Hanlon advises, however, that buyers and sellers agree on common values and terms before data can really be shared. A number of metrics are applied to digital ad buying and selling, depending on the type of campaign that’s being waged. Branding efforts focus on CPM, whereas action- or results-oriented inventory is often mea­sured by cost-per-action, cost-per-sale or cost-per-click counts.

“We need both sides to agree on com­mon metrics and valuation structures that both sides understand,” Hanlon says. “One of the major things we’re doing with Rapt in the early stages is get to parity on definitional issues, so [we’re] talking the same language when it comes to advertising availability.

“Unless you agree on opportunities, you can’t begin to do the horse trading of buying and selling,” he continues. “Part of the challenge will be to get everyone on the same playing field in terms of what’s available and how we value it.”

Other companies have seen this need as well. Ad exchanges like DoubleClick Advertising Exchange and AdECN are working to bring buyers and sellers together in a shared space.

AdECN COO Jeff Green explains, “We’re creating a marketplace where networks can come and trade with one another. Ad networks come to our exchange to participate and share inven­tory and our whole model is based on transparency and pricing efficiency.”

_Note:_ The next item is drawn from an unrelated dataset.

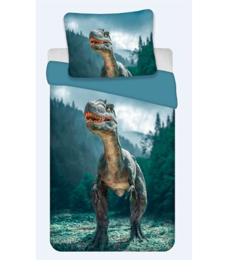 Licens Dinosaur sengetøj - 140x200 cm - Børnesengetøj med raptor - Vendbart dynebetræk - Dino sengesæt i 100% blød bomuld

Bellack is in favor of such ad exchanges, saying that exchange-based sales models go beyond transparency, to dynamically finding the right price for a given media buyer for a given sale on a particular piece of inventory.

The complexity, breadth and sophis­tication of the digital ad-buying market­place, experts agree, demand an open and dynamic market approach. Green notes that digital advertising has so many nuances that a more efficient pricing model is needed.

“There are so many variables that go into price and performance,” he says. “Digital is different than other media because it has so many locations, and those have a dramatic impact on how people respond. It requires more efficient pricing than any other media.”

And, while many in the industry see moves being made toward transparency and efficiency, there is still work ahead.

“It’s definitely a general movement,” Green says. “I think everybody is just getting better at pricing, giving people more control.”

He adds, “I think agencies are begin­ning to open up — and sometimes they are the slowest to move to change. They’re beginning to open up to other pricing methods and are more open to bidding on display and other forms of online advertising.”